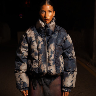 Estos personajes de la obra de Madalena también se convirtieron en una gran fuente de inspiración creativa para MIISTA: desafiaban las expectativas y sobrepasaban límites insondables, transformándose en personajes y expresiones de su verdadero yo en una época en la que hacerlo les ponía en peligro. La colección resultante aprende de la estética del glamour underground de los años 60, 70 y 80. Las siluetas de las prendas hacen referencia a la lencería y la corsetería, con elásticos que ciñen el cuerpo y encajes de merino que lo cubren.
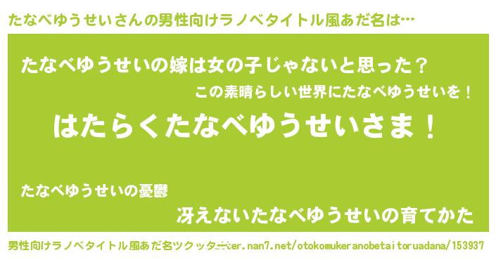 | 意味不明あだ名 | 『とにかく怪しいたなべゆうせい』 |
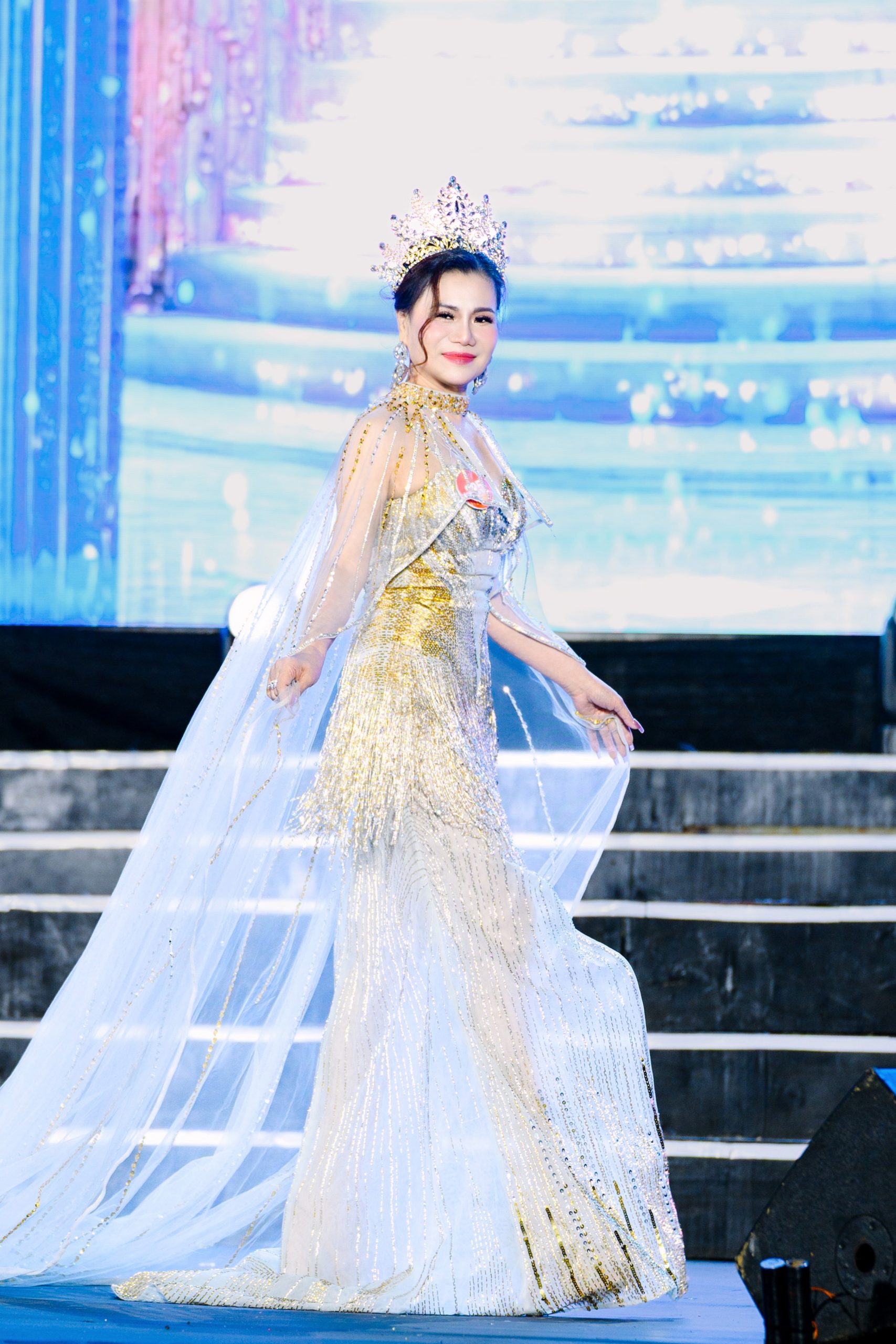 Vedette nổi bật trong thiết kế xanh bạc nhẹ nhàng, kết hợp cape voan dài bay bổng, tôn lên vẻ đẹp thanh thoát và quyền lực
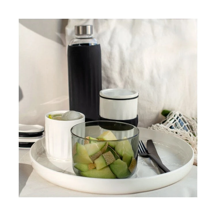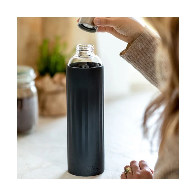 The To Go & To Stay bottle offers the perfect solution for drinks and liquid food such as soup. Silicone covered glass offers a slip resistant surface for your active lifestyle. Great for water or energy drinks on the go. 33.75 oz Capacity. Dishwasher safe.
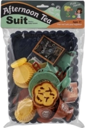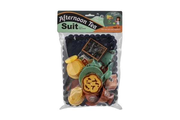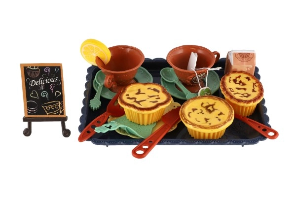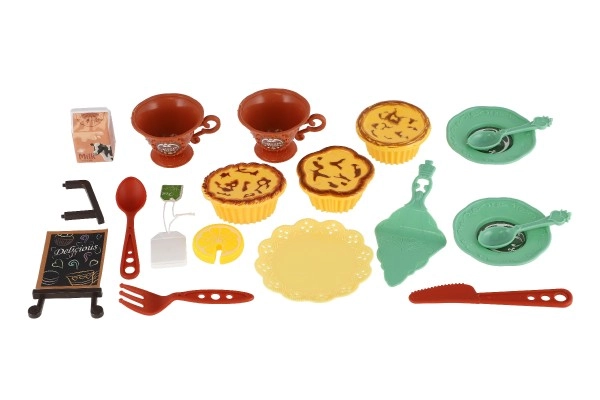Komplektis on tassid, taldrikud, söögiriistad, väike magustoit ja sildike kirjaga – kõik vajalik stiilseks serveerimiseks ja seltskondlikuks rollimänguks.
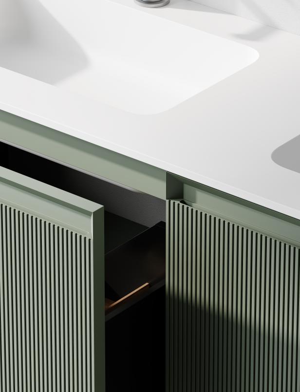 櫃體:基材多層實木,櫃體是進口油漆M-055/M-056/M057。抽屜底部是ICA-004意大利進口金屬漆,櫃體生產不分AB面,看得見和看不見的都一樣,抽屜兩邊均為公司自己開模定製加高金屬抽邦,能更好的增加收納空間,U型擋水為自主開模,定製超薄金屬材質,防水性更好且不易變形櫃體都是按國際標準意大利進口家具一樣分節定製,更加穩固,方便擡換安裝,市面上絕大部分的櫃子是連體的,中間隔板都是單層,一定年限後容易變形。
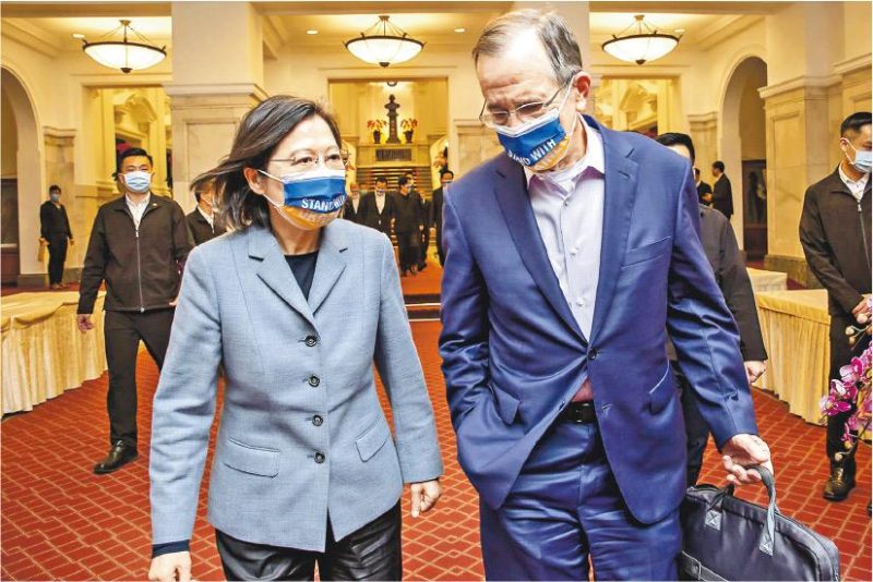 圖- 俄羅斯侵略烏克蘭勢將影響台海局勢與美國印太戰略佈局。圖為台灣“總統”蔡英文在社交平台貼出她(左)周三(2日)接待到訪的美國參謀長聯席會議前主席穆倫(右)時,二人皆戴上有烏克蘭國旗顏色、寫有「跟烏克蘭同一陣線」的口罩。(網上圖片)
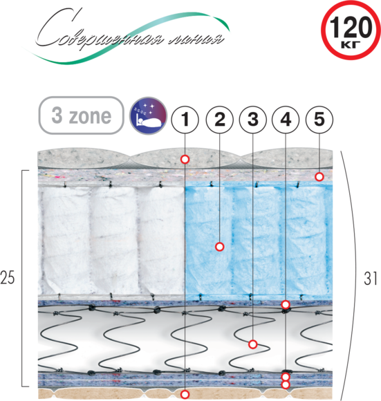 * [ 25 ] -регламентированная высота матраца (см), ( 31 ) -габаритная высота матраца (см)
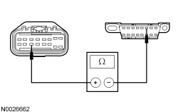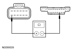 - Measure the resistance between the TCM (Transmission Control Module) C1533-14, circuit VDB04 (WH/BU), harness side and the DLC (Data Link Connector) C251-6, circuit VDB04 (WH/BU), harness side.
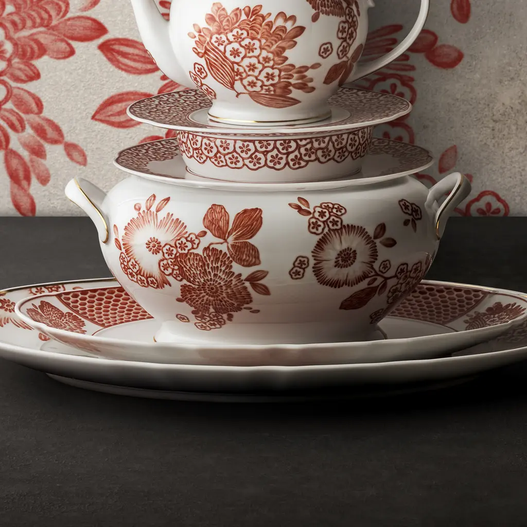 Introducing the elegant Coralina Charger Plate, a sophisticated addition to your tableware collection, expertly designed by the renowned Oscar de la Renta. This refined charger plate features the distinguished floral motifs found throughout the entire Coralina collection, inspired by a dress created for Vogue magazine in September 2006. The beautiful design embodies the sophistication and grandeur that are characteristic of the designer’s celebrated career. Crafted from the finest porcelain, the Coralina Charger Plate ensures both beauty and durability. The rich, vibrant colors make this charger plate an alluring piece for setting the stage for your dining experience, adding an elegant touch to your table setting. To preserve its elegance and longevity, we recommend hand washing. If you prefer to use a dishwasher, opt for short cycles at low temperatures and avoid frequent use to maintain its pristine condition. Elevate your dining experience with the captivating Coralina Charger Plate, a stunning testament to Oscar de la Renta’s artistic brilliance.
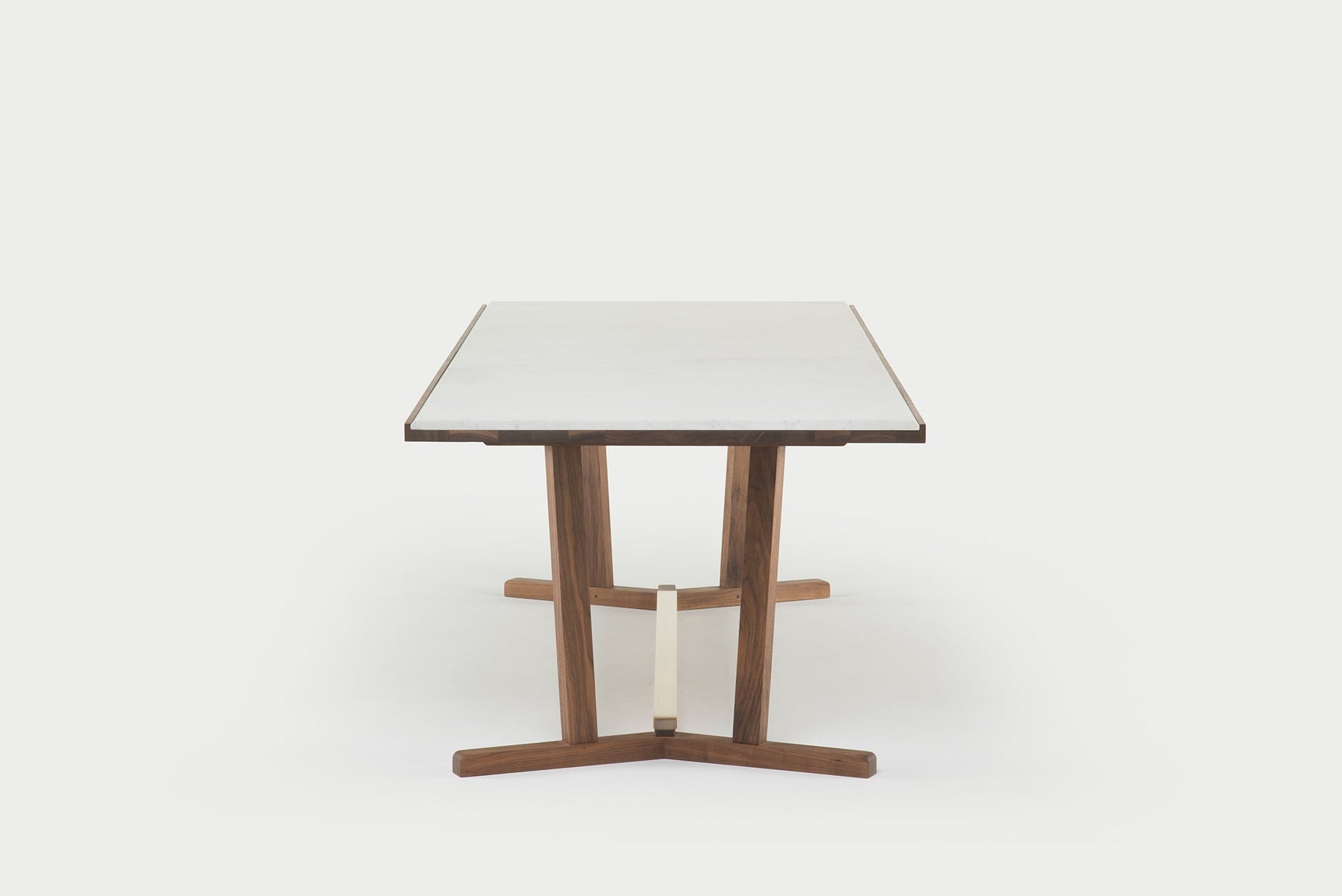 Shaker is a dining table inspired by the simple, honest and utilitarian approach of the movement after which it is named. An expansive plane of marble rests in the solid wood frame, highlighting the natural colour and grain of the stone. The wooden leg frame recalls that of a refectory table, and includes a brushed brass detail on the cross beam.
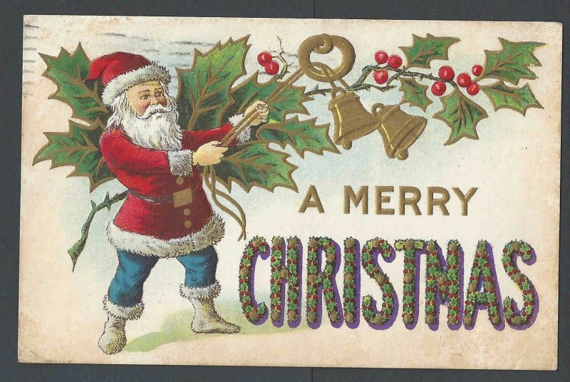 1908 PPC* Xmas Greetings W/Santa & Bells Embossed Posted
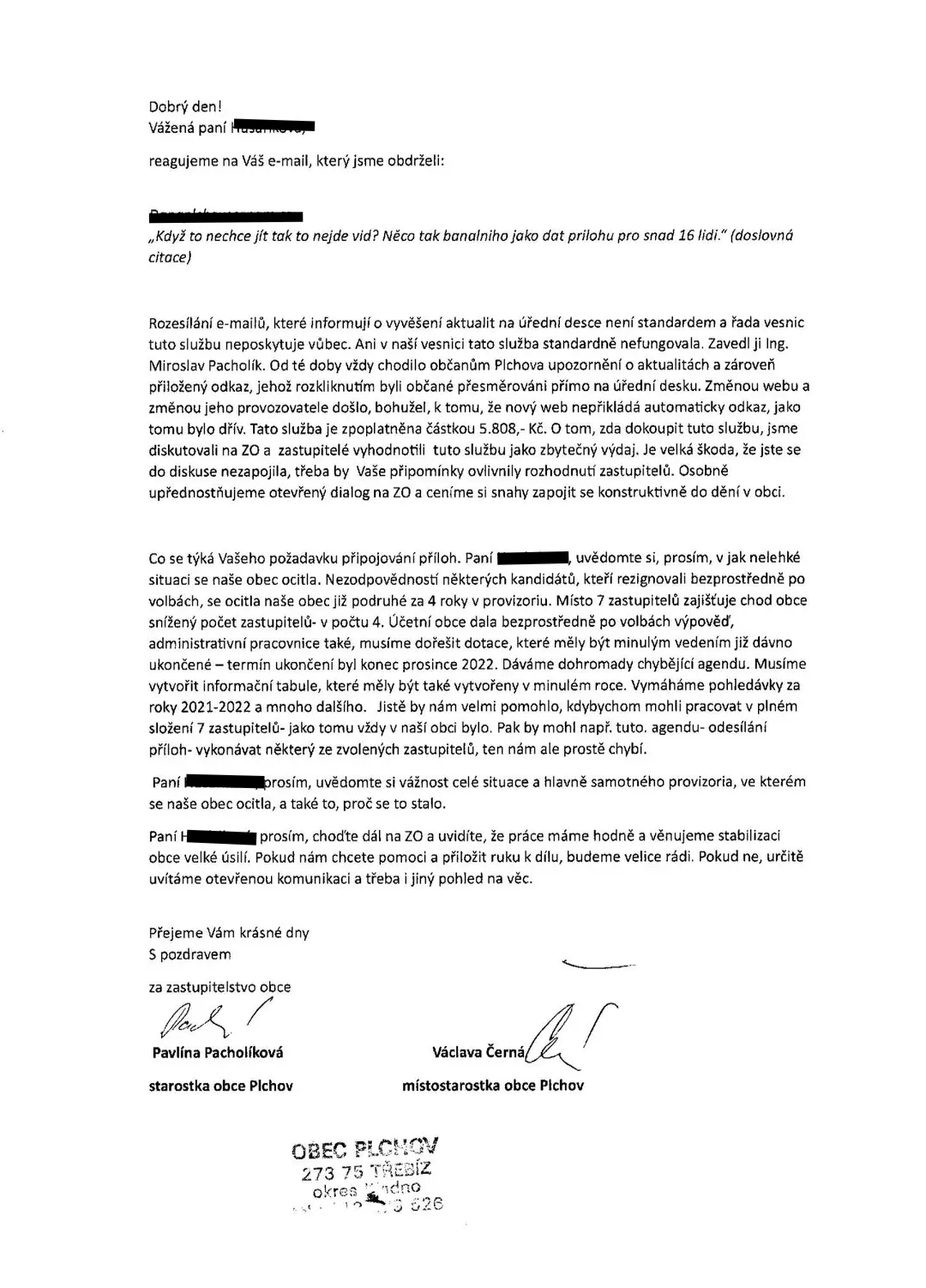 dne 11.10.2023 při jednání ZO Plchov nám bylo usnesením přijatým stávajícími zastupiteli znemožněno živé vysílání a nahrávání průběhu ZO.
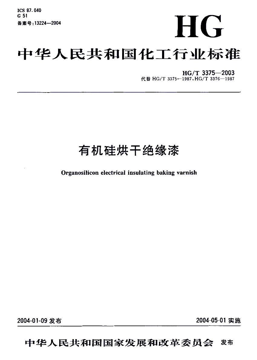 HG/T 3375-2003有機硅烘干絕緣漆標準 ICS87.040 G51 備案號:13224-2004 HG 中華人民共和國化工行業標準 HG/T 3375-2003代替 HG/T 3375-1987,HG/T 3376-1987 有機硅烘干絕緣漆Organosilicon electrical insulating baking varnish 2004-01-09發布,2004-
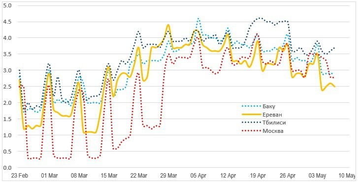 График 1. Динамика «индекса самоизоляции» Еревана по сравнению Тбилиси, Баку и Москвой
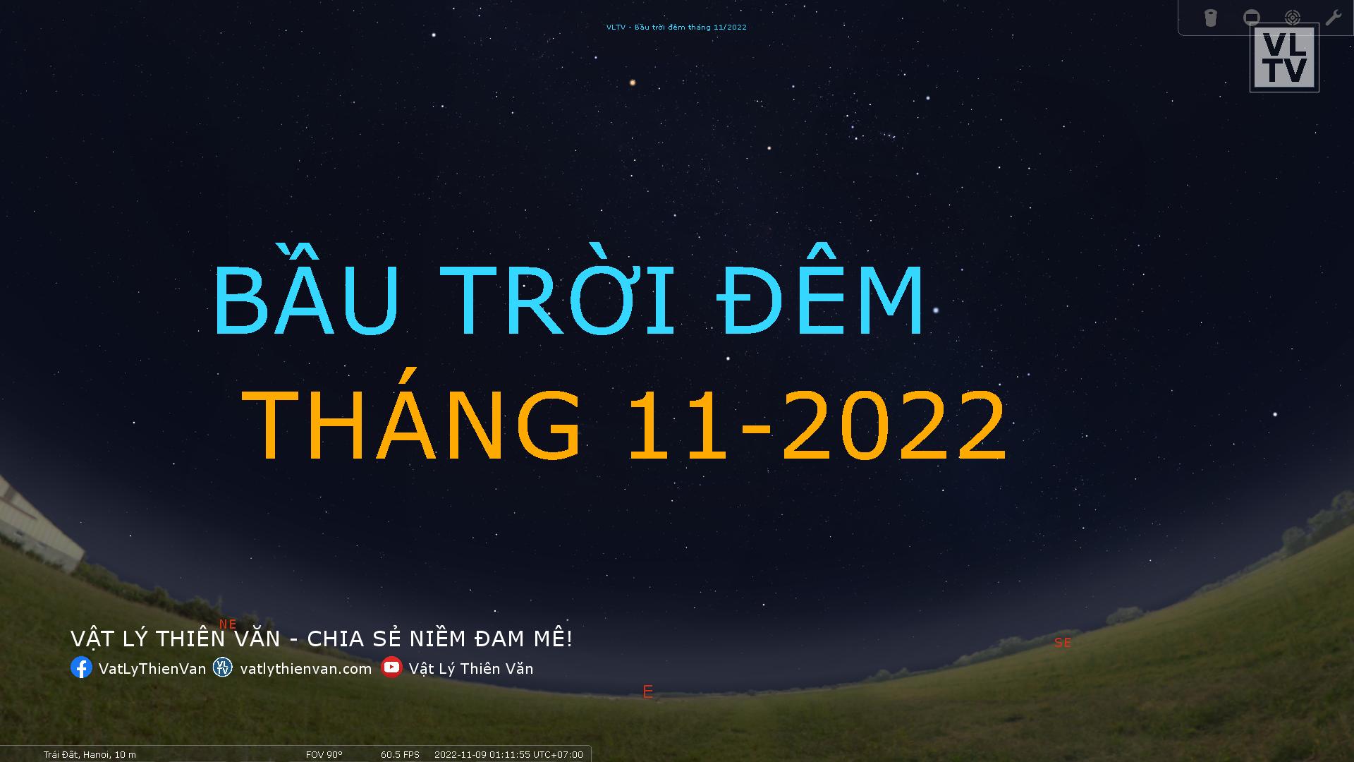 Hướng dẫn quan sát các chòm sao, các vật thể sâu, các hành tinh, và các sự kiện thiên văn học đáng chú ý trên bầu trời đêm tháng 11/2022.
○ ○ ○ ○ ○ ○ ○
Would you please write out the entries in full, exactly as they read, but without pictures?

 Estos personajes de la obra de Madalena también se convirtieron en una gran fuente de inspiración creativa para MIISTA: desafiaban las expectativas y sobrepasaban límites insondables, transformándose en personajes y expresiones de su verdadero yo en una época en la que hacerlo les ponía en peligro. La colección resultante aprende de la estética del glamour underground de los años 60, 70 y 80. Las siluetas de las prendas hacen referencia a la lencería y la corsetería, con elásticos que ciñen el cuerpo y encajes de merino que lo cubren.
 | 意味不明あだ名 | 『とにかく怪しいたなべゆうせい』 |
 Vedette nổi bật trong thiết kế xanh bạc nhẹ nhàng, kết hợp cape voan dài bay bổng, tôn lên vẻ đẹp thanh thoát và quyền lực
 The To Go & To Stay bottle offers the perfect solution for drinks and liquid food such as soup. Silicone covered glass offers a slip resistant surface for your active lifestyle. Great for water or energy drinks on the go. 33.75 oz Capacity. Dishwasher safe.
Komplektis on tassid, taldrikud, söögiriistad, väike magustoit ja sildike kirjaga – kõik vajalik stiilseks serveerimiseks ja seltskondlikuks rollimänguks.
 櫃體:基材多層實木,櫃體是進口油漆M-055/M-056/M057。抽屜底部是ICA-004意大利進口金屬漆,櫃體生產不分AB面,看得見和看不見的都一樣,抽屜兩邊均為公司自己開模定製加高金屬抽邦,能更好的增加收納空間,U型擋水為自主開模,定製超薄金屬材質,防水性更好且不易變形櫃體都是按國際標準意大利進口家具一樣分節定製,更加穩固,方便擡換安裝,市面上絕大部分的櫃子是連體的,中間隔板都是單層,一定年限後容易變形。
 圖- 俄羅斯侵略烏克蘭勢將影響台海局勢與美國印太戰略佈局。圖為台灣“總統”蔡英文在社交平台貼出她(左)周三(2日)接待到訪的美國參謀長聯席會議前主席穆倫(右)時,二人皆戴上有烏克蘭國旗顏色、寫有「跟烏克蘭同一陣線」的口罩。(網上圖片)
 * [ 25 ] -регламентированная высота матраца (см), ( 31 ) -габаритная высота матраца (см)
 - Measure the resistance between the TCM (Transmission Control Module) C1533-14, circuit VDB04 (WH/BU), harness side and the DLC (Data Link Connector) C251-6, circuit VDB04 (WH/BU), harness side.
 Introducing the elegant Coralina Charger Plate, a sophisticated addition to your tableware collection, expertly designed by the renowned Oscar de la Renta. This refined charger plate features the distinguished floral motifs found throughout the entire Coralina collection, inspired by a dress created for Vogue magazine in September 2006. The beautiful design embodies the sophistication and grandeur that are characteristic of the designer’s celebrated career. Crafted from the finest porcelain, the Coralina Charger Plate ensures both beauty and durability. The rich, vibrant colors make this charger plate an alluring piece for setting the stage for your dining experience, adding an elegant touch to your table setting. To preserve its elegance and longevity, we recommend hand washing. If you prefer to use a dishwasher, opt for short cycles at low temperatures and avoid frequent use to maintain its pristine condition. Elevate your dining experience with the captivating Coralina Charger Plate, a stunning testament to Oscar de la Renta’s artistic brilliance.
 Shaker is a dining table inspired by the simple, honest and utilitarian approach of the movement after which it is named. An expansive plane of marble rests in the solid wood frame, highlighting the natural colour and grain of the stone. The wooden leg frame recalls that of a refectory table, and includes a brushed brass detail on the cross beam.
 1908 PPC* Xmas Greetings W/Santa & Bells Embossed Posted
 dne 11.10.2023 při jednání ZO Plchov nám bylo usnesením přijatým stávajícími zastupiteli znemožněno živé vysílání a nahrávání průběhu ZO.
 HG/T 3375-2003有機硅烘干絕緣漆標準 ICS87.040 G51 備案號:13224-2004 HG 中華人民共和國化工行業標準 HG/T 3375-2003代替 HG/T 3375-1987,HG/T 3376-1987 有機硅烘干絕緣漆Organosilicon electrical insulating baking varnish 2004-01-09發布,2004-
 График 1. Динамика «индекса самоизоляции» Еревана по сравнению Тбилиси, Баку и Москвой
 Hướng dẫn quan sát các chòm sao, các vật thể sâu, các hành tinh, và các sự kiện thiên văn học đáng chú ý trên bầu trời đêm tháng 11/2022.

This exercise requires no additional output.